Everything about her entrance was tentative. If she truly thought this were her room, she would have strode in and turned on the light. Women were always eager to prove things when they believed they were correct.

Yet, as angry as Charles was, he refused to give in to his rage. The immediate task was to cover his tracks so he could get away. That meant eliminating the couple who had come to his room. He had not considered calling the assassins he had used the night before. He did not want it to be known that he had run into trouble. That would be bad for his reputation and bad for business. He had gotten a good look at the couple’s feet and pants. That would be enough to identify them. He had his gun and his knife. They would not survive the morning Charles had walked halfway into the parking lot before turning around. If the couple were looking out a window to find him, he wanted them to see him. He wanted them to come rushing downstairs to stop him from getting away.

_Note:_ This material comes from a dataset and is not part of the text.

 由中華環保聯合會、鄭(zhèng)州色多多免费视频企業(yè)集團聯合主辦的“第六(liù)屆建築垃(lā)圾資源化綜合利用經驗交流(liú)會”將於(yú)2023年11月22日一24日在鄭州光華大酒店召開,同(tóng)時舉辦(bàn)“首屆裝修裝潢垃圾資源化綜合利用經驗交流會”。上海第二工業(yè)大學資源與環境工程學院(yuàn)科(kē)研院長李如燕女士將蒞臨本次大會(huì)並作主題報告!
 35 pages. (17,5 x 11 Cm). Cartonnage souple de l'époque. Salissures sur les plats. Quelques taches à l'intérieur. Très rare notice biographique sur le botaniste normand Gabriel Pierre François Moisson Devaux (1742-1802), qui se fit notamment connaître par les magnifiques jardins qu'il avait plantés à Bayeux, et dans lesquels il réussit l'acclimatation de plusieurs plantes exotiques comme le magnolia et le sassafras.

That would make them easier to spot. It would also tell him whether or not they had backup. If they had called for help, cars or other personnel would converge on the parking lot within moments. If that did not happen, he could dispatch them and then get out of the city by train as he had planned. After giving the couple a chance to see him, Charles doubled back to the hotel. He entered by the side door, which led past a row of shops. There were fire sirens approaching the hotel but no police sirens. No other cars came speeding into the lot. That did not mean Charles was home free. But it did suggest that the man and woman had been acting without immediate backup near or on site. Losing himself in a crowd that was fleeing a fire should be easy. First, however, he had to finish his business with the intruders.

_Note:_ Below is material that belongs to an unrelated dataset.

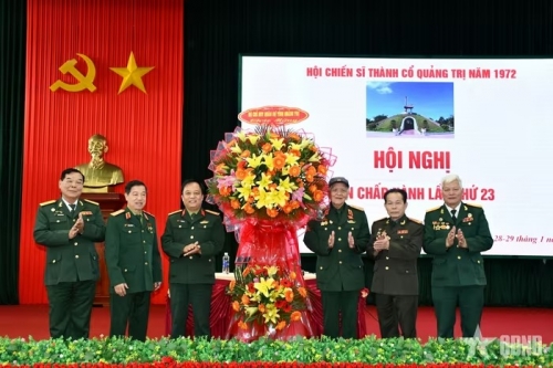 Bộ CHQS tỉnh Quảng Trị tặng hoa chúc mừng Ban chấp hành Hội chiến sĩ Thành cổ Quảng Trị năm 1972. |

Washington, D.C. Tuesday, 3:17 a.m.

During the administration of Harry Truman, the White House was virtually gutted and rebuilt due to the weakened condition of its centuries-old wooden beams and interior walls. The Trumans moved across the street to Blair House and, from 1948 to 1952, new foundations were laid and the decaying wooden struts were replaced by steel girders. A basement was also excavated, ostensibly to provide more storage space. In fact, it was created to provide safe areas for the president and members of his staff and family in the event of nuclear attack. Over the years, the basement was secretly expanded to include offices, command headquarters, medical facilities, surveillance posts, and recreational areas. It is now comprised of four levels that go down over two hundred feet. All four basement levels are only accessible by a pair of elevators. These are located in both the East and West Wings. The West Wing elevator is located a short distance west of the president’s private dining room, in a corner that is halfway between the Oval Office and the vice president’s office. The carriage is small and wood paneled and holds six people comfortably. Access to the elevator is gained by thumbprint identification. There is a small green monitor to the right of the door for this purpose. Since the White House recreation areas are down there, all the members of the First Family have access to the elevator.

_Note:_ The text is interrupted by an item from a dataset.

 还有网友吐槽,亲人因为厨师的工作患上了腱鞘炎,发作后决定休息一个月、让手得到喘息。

Hood went to the vice president’s office and waited outside. Because the vice president was at the White House, there was a secret service agent standing a little farther along the corridor. The vice president’s office was close to the State Dining Room, where the original White House meets the newer, century-old West Wing. Hood was there less than a minute when Megan Lawrence arrived. The First Lady was dressed in a medium-length white skirt and a red blouse with a blue scarf. She was wearing very little makeup. Her fair skin made her silver hair seem darker. The secret service agent wished the First Lady a good morning as she passed. Megan smiled back at the young man and then continued on.